┌─ Data records

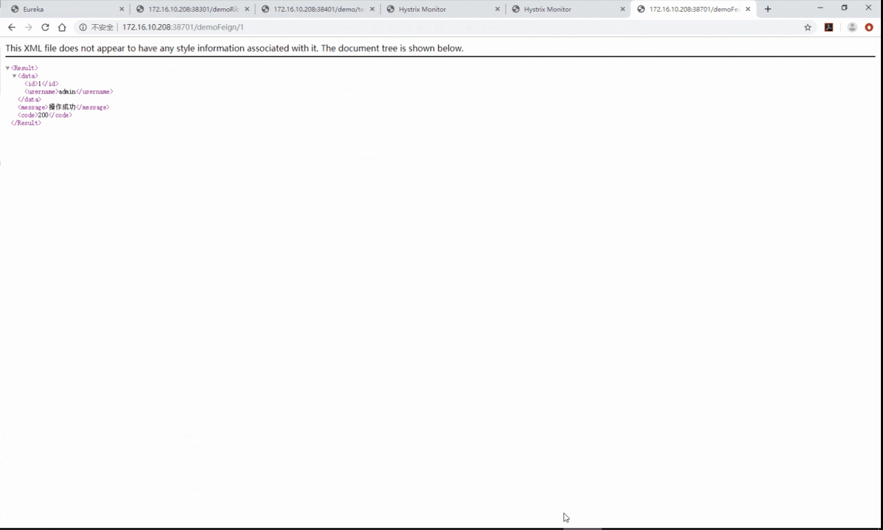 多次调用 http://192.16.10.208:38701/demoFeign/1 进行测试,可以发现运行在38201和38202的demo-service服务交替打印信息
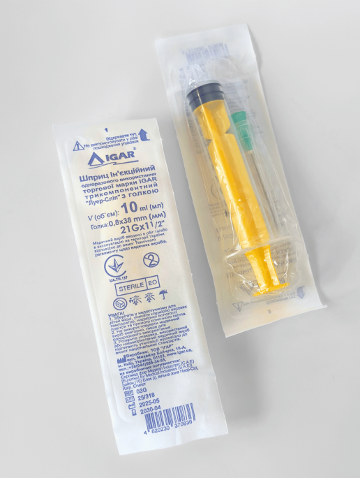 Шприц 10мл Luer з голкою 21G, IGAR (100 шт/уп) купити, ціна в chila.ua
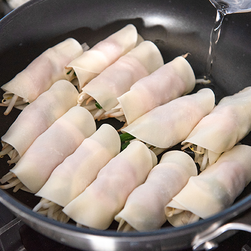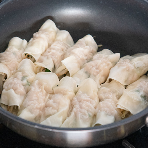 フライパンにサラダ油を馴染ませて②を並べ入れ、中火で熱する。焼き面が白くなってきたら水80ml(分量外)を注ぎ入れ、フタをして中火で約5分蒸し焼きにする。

└─
┌─ Data records

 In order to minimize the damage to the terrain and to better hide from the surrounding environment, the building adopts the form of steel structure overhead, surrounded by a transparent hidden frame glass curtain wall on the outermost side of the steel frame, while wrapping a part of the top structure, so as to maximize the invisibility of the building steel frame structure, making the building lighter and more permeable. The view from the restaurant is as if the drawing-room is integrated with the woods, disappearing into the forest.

└─
┌─ Data records

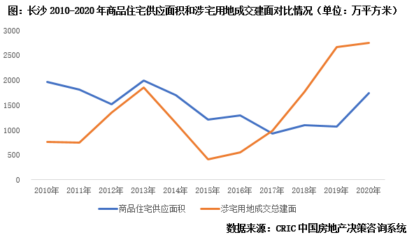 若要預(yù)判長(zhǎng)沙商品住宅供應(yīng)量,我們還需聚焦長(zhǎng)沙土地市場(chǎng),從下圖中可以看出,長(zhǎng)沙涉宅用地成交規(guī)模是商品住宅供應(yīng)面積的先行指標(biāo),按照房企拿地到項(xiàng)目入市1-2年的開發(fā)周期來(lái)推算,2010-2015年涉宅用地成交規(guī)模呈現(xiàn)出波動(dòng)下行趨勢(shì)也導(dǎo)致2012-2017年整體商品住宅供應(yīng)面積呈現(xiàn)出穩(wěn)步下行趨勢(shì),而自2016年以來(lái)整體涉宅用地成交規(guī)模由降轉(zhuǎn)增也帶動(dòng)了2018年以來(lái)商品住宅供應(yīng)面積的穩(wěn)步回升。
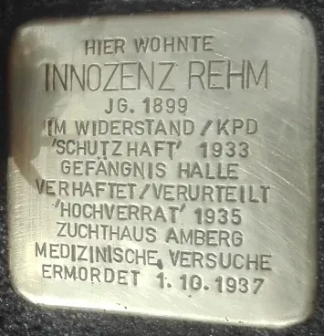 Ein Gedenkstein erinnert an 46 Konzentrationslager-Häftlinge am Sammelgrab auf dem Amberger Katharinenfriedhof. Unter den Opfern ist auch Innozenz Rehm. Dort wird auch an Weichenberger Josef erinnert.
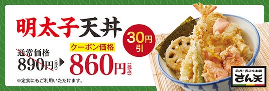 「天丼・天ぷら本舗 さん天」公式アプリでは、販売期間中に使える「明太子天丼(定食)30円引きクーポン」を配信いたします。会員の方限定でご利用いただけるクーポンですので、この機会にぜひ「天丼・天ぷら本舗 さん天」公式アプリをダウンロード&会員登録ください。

└─

- **Your objective**:
Using the listing above, reproduce word for word every line from the one containing "若要預(yù)判長(zhǎn" through the one containing "Ein Gedenkstein erinnert". Pictures must be left out.

- **Problem solution**:
 若要預(yù)判長(zhǎng)沙商品住宅供應(yīng)量,我們還需聚焦長(zhǎng)沙土地市場(chǎng),從下圖中可以看出,長(zhǎng)沙涉宅用地成交規(guī)模是商品住宅供應(yīng)面積的先行指標(biāo),按照房企拿地到項(xiàng)目入市1-2年的開發(fā)周期來(lái)推算,2010-2015年涉宅用地成交規(guī)模呈現(xiàn)出波動(dòng)下行趨勢(shì)也導(dǎo)致2012-2017年整體商品住宅供應(yīng)面積呈現(xiàn)出穩(wěn)步下行趨勢(shì),而自2016年以來(lái)整體涉宅用地成交規(guī)模由降轉(zhuǎn)增也帶動(dòng)了2018年以來(lái)商品住宅供應(yīng)面積的穩(wěn)步回升。
 Ein Gedenkstein erinnert an 46 Konzentrationslager-Häftlinge am Sammelgrab auf dem Amberger Katharinenfriedhof. Unter den Opfern ist auch Innozenz Rehm. Dort wird auch an Weichenberger Josef erinnert.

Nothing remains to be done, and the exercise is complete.